Comparison between the Waskiri site structure and the Cuzco ceque system Cambridge University Press / P. Cruz

The experts indicate that the radial design of the site and its link to the main religious landmarks of the region, the wak’as, reflect “the system of Inca ceques, the roads that ordered the sacred geography of Cuzco, the capital of its peoples”.

In addition, the radial walls that delimit the 39 perimeter enclosures of Waskiri show “a structure very similar to that of the Inca ceque of Cuzco”.

“If Waskiri’s dividing walls did indeed represent a ceque system, this would be more explicit evidence that the Incas replicated the symbolic structure of Cuzco in the regions they colonised,” the study adds.

“A dense ritual landscape”

During the research, in addition to the ‘Waskiri’, which “stands out for its unprecedented characteristics for the Andes”, the experts commented that in the Carangas region they identified “a surprising concentration of pre-Hispanic religious sites, which are linked both to the ancient Andean cults of wak’a (sacred mountains, tutelary hills and mummified ancestors) and to the Inca settlement of the region”.

These studies, the archaeologists add, have revealed that in this region characterised by its extremely arid and cold climate, “many pre-Hispanic religious sites and structures that form a dense ritual landscape”, comprising at least 135 hilltop sites, most of which “are directly associated with ancient agricultural production areas”.
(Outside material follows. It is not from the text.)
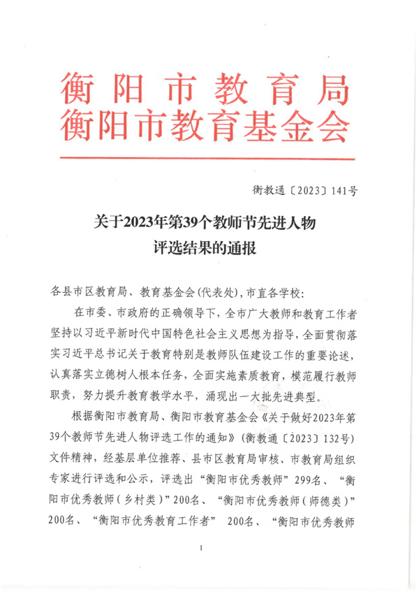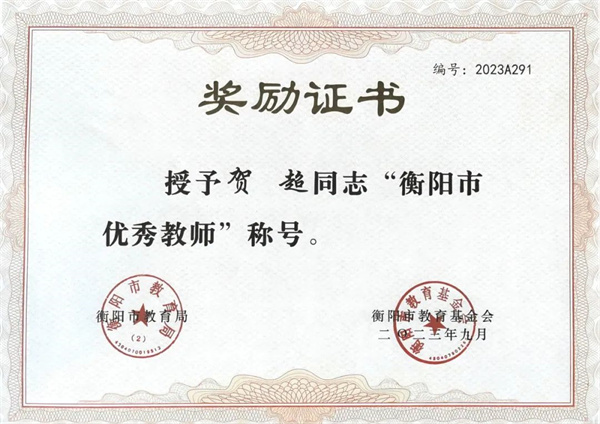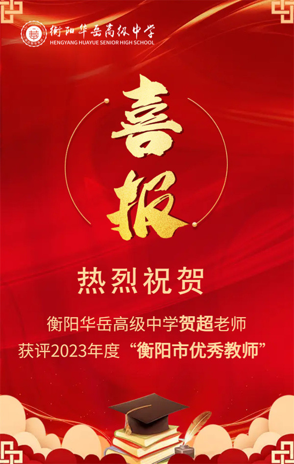 热烈祝贺衡阳华岳高级中学贺超老师获评2023年度“衡阳市优秀教师”!

The sites “can be identified on the ground and in satellite images by their variable number of concentric walls (between two and nine per site), each of which occupies a different terrace level around the hilltop,” the researchers note.
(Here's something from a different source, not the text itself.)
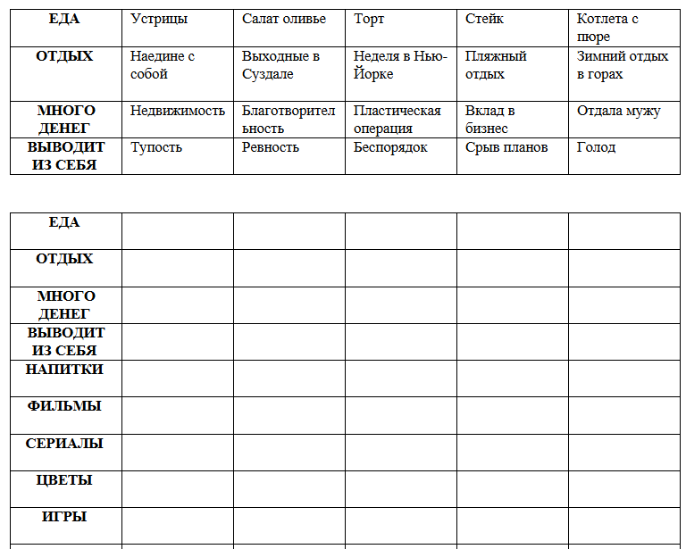 Испытания из шоу Ставка на любовь, 1 сезон, 2 выпуск Мужчинам необходимо правильно выстроить последовательность, в каждой из четырёх категорий: “ЕДА”, “ВЫВОДИТ ИЗ СЕБЯ”, “МНОГО ДЕНЕГ”, “ОТДЫХ” Эта игра на сближение, благодаря ей вы можете лучше узнать друг друга, в нее можно играть вместе, то есть, каждый из партнеров может прописать свои варианты, а потом вместо разобрать, ошибки. Для вас подготовлен шаблон и примерные варианты, можно также написать свои или даже добавить ещё категории, например: фильмы, сериалы, игры, напитки, цветы, сладкое, машины и многое другое. Например: ЕДА: 1. Суши 2. Пицца 3. Шашлык 4. Борщ 5. Каша 6. Пирожки 7. Фаст-Фуд 8. Авокадо 9. Омлет 10. Рыба ОТДЫХ: 1. Море 2. Поход 3. Рыбалка 4. Дома за просмотром сериалов 5. Дача 6. Зимний отдых в горах (лыжи, сноуборд) 7. Тусовки 8. Прогулки в парке 9. Спорт зал 10. Выставки/ музеи МНОГО ДЕНЕГ: (т.е на что он/она тратит, когда есть деньги) 1. Косметика 2. Одежда 3. Всё в дом 4. Доставки еды 5. Откладываю/коплю 6. Пу

Above: view from Waskiri, showing the silhouettes of the main sacred mountains in the region. Below: distribution of sacred sites around Waskiri Cambridge University Press / P. Cruz

In all these spaces, abundant quantities of pre-Hispanic ceramic fragments are found, most of which are of local styles typical of the Late Intermediate and Late Intermediate Periods, along with some regional styles linked to the southern expansion of the Incas.

The research determined that these ceremonial spaces “emerged during the Late Intermediate Period, as did the pukaras, and were later appropriated and re-signified by the Incas”. In addition, he explains that their concentration in the altiplano could be due to the belief that the gods regulated the extreme climatic conditions, because a small variation in temperature or rainfall could cause the loss of crops or the death of livestock.

For the experts, this important discovery about the ceremonial centre and the ritual landscape in which Waskiri is located, “provides rich material for further studies of the pre-Hispanic history of this part of the Andes, an area that has generally been little studied”.